Company Analysis Assignment for PEP. Accounting, Finance, Coursework
Company Analysis Assignment for PEP. Follow the requirement and make sure the answer right.
Company Analysis Assignment #3
This assignment requires some research, and two intrinsic value calculations for your stock(PEP.).
- Constant growth DDM (expanded formula). Recall that P0 = E1(1-b)/(k-g), where E1 is EPS for the coming year, b is the plowback ratio, k is the market required rate of return for the stock, and g is the assumed constant growth rate of earnings. Since b is the plowback ratio, 1-b is the payout ratio. Also, since g = ROE x b (ROE is return on equity), the expanded valuation formula (which you will use in this part of the assignment) is P0 = E1(1-b)/(k-(ROE x b)).
Regarding the inputs for the constant growth valuation, I think the easiest and safest way to get E1 is to just get the consensus estimate for 2019 (make sure you pick up the annual estimate, not a quarterly estimate) from MarketWatch or another legitimate source. (If you use MarketWatch, just enter the stock symbol, click on “Analyst Estimates” tab, and then pick up the “mean estimate, this fiscal” number from the EPS table.) Recent ROE and payout ratio (1-b, from which b can obviously be derived) can be found in the “Statistics” tab of YahooFinance. These should be used as the basis for a going-forward projection of ROE and b (you may assume that they will change or not, but state what you are assuming and why) to be used in your valuation. You have already computed k in assignment 2.

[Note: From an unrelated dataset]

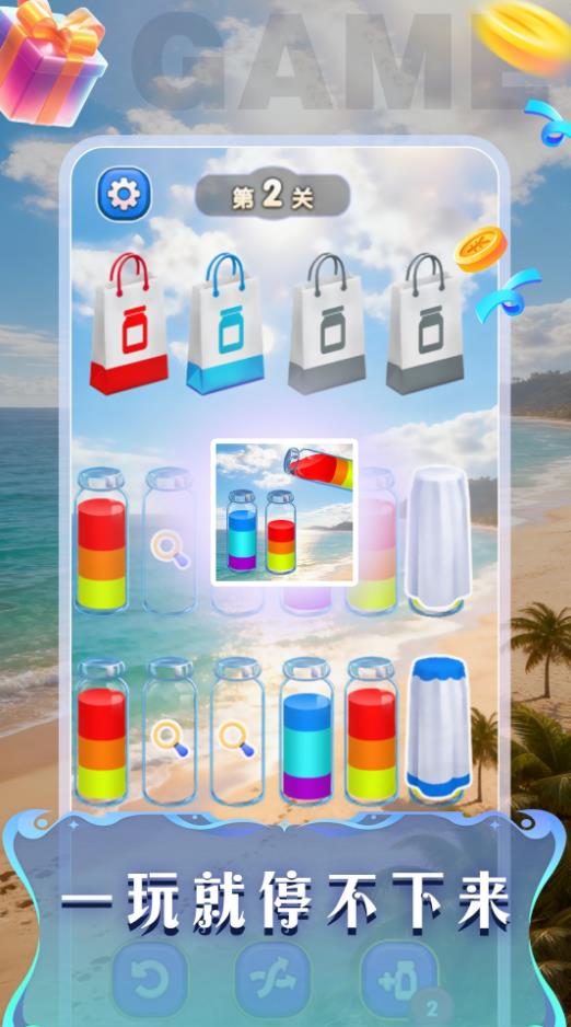 1、每一关都是全新的谜题,颜色数量、瓶子容量、布局结构千变万化,保证持续的新鲜感。

It is possible that your constant growth rate (g) will be such that (k-g) is negative, rendering the result meaningless. This will most often occur for companies with a relatively-high current ROE. As we discussed in class, this is typically a signal that the constant growth assumption is not applicable to your company, and that a multi-stage model (see below) is more relevant. If this occurs, just set up the valuation equation (above, in bold) with your inputs, but do not solve. State the problem (i.e. g > k) and the reason (high ROE, high plowback, or both).
- Two-Stage DDM. You are to do a two-stage DDM model using the methodology described in class. The first growth rate, or g1, is the growth rate projected for the next three (3) years. The second growth rate, g2, is the constant projected growth rate beginning in year 4. Recall that the total value calculated with the two-stage model consists of the PV’s of the first three years’ projected dividends, plus the PV of the terminal value projected for the stock as of year 3. This terminal value is calculated using a constant growth valuation as of year 3.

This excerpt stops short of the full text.